A machine-rendered reading of the paper's core claim, the machinery that carries it, and where it could break.
Core claim
AtomicMotion decouples body dynamics by first decomposing the skeleton into five distinct clusters based on functional intent so each keeps its internal joint synergies while isolating local motion primitives, then applies masked full-body pre-conditioning during training to force internalization of global skeletal topology and latent kinematic constraints, and finally replaces vanilla spatial attention with Kinematic Attention that embeds the classical kinematic tree structure to guarantee biological plausibility, resulting in higher reconstruction fidelity and superior biomechanical realism on the AMASS dataset.
What carries the argument
AtomicMotion framework built around logical body partitioning into five functional clusters, masked full-body pre-conditioning, and Kinematic Attention that injects the fixed kinematic tree into the attention computation.
If this is right
- Local motion primitives can be learned separately in each cluster without breaking overall coordination when the partitions respect functional intent.

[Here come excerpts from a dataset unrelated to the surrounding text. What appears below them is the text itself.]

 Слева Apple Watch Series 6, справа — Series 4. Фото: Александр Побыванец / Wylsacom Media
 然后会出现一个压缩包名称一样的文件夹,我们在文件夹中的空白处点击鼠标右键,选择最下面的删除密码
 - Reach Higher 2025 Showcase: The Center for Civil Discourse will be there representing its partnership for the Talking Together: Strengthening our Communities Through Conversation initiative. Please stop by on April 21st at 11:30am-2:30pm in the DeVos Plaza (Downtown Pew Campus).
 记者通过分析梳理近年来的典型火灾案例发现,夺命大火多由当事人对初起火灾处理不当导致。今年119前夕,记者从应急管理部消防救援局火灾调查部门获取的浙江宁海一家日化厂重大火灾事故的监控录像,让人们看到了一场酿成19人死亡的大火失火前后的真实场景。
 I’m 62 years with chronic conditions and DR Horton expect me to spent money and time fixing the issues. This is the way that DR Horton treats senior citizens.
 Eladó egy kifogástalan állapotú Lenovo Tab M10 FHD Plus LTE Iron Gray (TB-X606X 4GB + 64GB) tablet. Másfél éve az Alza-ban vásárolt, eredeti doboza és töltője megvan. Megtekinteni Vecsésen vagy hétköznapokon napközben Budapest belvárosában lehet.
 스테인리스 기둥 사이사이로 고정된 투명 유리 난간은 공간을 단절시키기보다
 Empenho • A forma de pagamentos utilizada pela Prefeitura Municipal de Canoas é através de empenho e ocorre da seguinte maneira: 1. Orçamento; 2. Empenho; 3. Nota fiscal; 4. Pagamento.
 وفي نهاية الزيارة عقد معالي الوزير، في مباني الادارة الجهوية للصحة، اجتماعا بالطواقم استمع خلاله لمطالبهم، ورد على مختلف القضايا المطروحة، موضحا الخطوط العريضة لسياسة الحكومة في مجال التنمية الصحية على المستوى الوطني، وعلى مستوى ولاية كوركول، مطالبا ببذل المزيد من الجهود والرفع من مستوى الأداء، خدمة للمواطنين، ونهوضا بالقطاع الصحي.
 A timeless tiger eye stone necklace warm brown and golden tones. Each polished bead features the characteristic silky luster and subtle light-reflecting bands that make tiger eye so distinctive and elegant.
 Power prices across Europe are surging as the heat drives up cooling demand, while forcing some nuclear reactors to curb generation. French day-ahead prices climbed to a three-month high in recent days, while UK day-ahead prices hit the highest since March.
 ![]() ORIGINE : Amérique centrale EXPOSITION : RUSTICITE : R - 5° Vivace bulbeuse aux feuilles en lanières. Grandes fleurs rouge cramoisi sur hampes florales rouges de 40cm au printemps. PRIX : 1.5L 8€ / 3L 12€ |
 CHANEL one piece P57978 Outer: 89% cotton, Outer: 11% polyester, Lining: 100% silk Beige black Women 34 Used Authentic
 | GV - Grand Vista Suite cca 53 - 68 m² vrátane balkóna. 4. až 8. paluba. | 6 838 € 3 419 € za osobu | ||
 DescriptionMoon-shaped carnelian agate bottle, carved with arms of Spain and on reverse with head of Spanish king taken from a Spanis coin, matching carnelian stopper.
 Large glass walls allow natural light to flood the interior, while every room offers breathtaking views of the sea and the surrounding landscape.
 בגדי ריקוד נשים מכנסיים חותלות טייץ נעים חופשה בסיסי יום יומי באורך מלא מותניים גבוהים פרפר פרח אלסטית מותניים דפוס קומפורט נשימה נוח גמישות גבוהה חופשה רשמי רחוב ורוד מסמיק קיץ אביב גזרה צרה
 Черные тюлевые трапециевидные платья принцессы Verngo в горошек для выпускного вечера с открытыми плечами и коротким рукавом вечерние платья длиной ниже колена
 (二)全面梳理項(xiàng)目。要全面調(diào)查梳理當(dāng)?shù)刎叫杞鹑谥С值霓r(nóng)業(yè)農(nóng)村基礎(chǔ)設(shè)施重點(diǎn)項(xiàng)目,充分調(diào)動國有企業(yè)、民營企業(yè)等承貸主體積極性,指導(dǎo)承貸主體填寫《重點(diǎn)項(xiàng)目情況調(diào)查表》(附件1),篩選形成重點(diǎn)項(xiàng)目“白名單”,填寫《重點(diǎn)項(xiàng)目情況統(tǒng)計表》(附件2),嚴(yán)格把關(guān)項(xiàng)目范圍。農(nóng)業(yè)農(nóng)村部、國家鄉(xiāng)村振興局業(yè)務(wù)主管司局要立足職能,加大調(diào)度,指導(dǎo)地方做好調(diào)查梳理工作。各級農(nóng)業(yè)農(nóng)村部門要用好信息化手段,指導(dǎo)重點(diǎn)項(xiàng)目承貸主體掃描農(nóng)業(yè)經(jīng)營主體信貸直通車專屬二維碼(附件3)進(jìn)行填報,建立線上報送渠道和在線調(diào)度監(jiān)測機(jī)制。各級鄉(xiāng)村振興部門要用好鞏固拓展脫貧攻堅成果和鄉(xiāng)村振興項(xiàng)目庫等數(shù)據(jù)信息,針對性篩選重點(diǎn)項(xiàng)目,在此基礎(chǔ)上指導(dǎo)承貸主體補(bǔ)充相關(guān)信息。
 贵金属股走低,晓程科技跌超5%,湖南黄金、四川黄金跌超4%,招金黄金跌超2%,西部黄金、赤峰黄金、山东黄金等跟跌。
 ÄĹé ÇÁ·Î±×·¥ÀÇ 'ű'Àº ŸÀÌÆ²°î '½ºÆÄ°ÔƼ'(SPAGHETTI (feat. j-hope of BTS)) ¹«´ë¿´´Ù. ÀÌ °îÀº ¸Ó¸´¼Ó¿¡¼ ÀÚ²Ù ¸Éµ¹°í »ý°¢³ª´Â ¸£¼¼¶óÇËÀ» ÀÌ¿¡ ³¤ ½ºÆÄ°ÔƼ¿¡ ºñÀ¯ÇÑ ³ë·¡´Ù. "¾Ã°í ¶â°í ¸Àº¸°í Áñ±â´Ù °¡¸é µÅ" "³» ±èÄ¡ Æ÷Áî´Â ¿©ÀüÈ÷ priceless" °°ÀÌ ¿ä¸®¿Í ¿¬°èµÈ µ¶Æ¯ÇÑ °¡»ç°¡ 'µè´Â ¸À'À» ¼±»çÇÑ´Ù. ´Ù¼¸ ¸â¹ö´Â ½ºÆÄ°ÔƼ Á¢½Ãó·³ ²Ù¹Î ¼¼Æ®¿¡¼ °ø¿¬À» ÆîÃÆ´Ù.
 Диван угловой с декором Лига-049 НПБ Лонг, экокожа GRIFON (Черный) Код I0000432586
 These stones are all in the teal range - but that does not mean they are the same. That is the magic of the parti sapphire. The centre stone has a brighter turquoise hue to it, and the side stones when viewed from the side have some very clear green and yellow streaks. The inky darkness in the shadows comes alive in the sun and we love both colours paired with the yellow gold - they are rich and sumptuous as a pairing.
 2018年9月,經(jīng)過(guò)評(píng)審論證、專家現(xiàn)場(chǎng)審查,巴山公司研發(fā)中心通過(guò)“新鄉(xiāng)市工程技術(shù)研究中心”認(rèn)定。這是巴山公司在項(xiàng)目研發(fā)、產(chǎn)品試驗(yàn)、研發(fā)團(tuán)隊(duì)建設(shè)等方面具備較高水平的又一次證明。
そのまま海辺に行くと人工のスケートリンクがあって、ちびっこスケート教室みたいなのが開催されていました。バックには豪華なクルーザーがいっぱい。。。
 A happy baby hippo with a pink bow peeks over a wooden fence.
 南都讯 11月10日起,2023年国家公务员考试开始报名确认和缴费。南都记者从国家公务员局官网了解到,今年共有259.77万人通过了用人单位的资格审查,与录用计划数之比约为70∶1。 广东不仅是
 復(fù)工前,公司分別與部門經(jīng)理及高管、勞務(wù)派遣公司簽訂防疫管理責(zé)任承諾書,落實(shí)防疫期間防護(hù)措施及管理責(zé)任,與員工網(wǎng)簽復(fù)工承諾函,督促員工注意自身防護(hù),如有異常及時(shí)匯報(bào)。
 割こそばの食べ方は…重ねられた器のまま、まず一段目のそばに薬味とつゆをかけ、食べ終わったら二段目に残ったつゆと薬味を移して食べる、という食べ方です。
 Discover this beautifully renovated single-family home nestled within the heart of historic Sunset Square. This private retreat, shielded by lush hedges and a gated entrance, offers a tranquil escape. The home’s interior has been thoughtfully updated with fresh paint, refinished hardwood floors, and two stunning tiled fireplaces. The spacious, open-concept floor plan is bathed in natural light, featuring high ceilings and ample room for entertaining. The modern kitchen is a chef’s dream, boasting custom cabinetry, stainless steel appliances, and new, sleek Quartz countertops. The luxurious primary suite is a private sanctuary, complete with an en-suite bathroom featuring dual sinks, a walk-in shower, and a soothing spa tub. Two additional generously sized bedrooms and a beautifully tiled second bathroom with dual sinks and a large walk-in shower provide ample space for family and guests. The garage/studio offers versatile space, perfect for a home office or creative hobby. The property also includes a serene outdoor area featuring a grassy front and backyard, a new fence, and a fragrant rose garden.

- Masked pre-conditioning teaches the network to fill in missing body parts from sparse signals by internalizing global constraints.
- Kinematic Attention prevents generation of physiologically impossible joint configurations by enforcing the fixed tree structure.
- The combination yields measurably higher fidelity and biomechanical realism than monolithic baselines on standard motion datasets.
Where Pith is reading between the lines
- The same cluster-based split could be tested on other sparse-input problems such as full-body prediction from only foot or torso data.
- If the method scales, it could lower the sensor count needed for convincing VR telepresence sessions.
- Dynamic re-clustering during inference might further improve results for activities that change which body parts move together.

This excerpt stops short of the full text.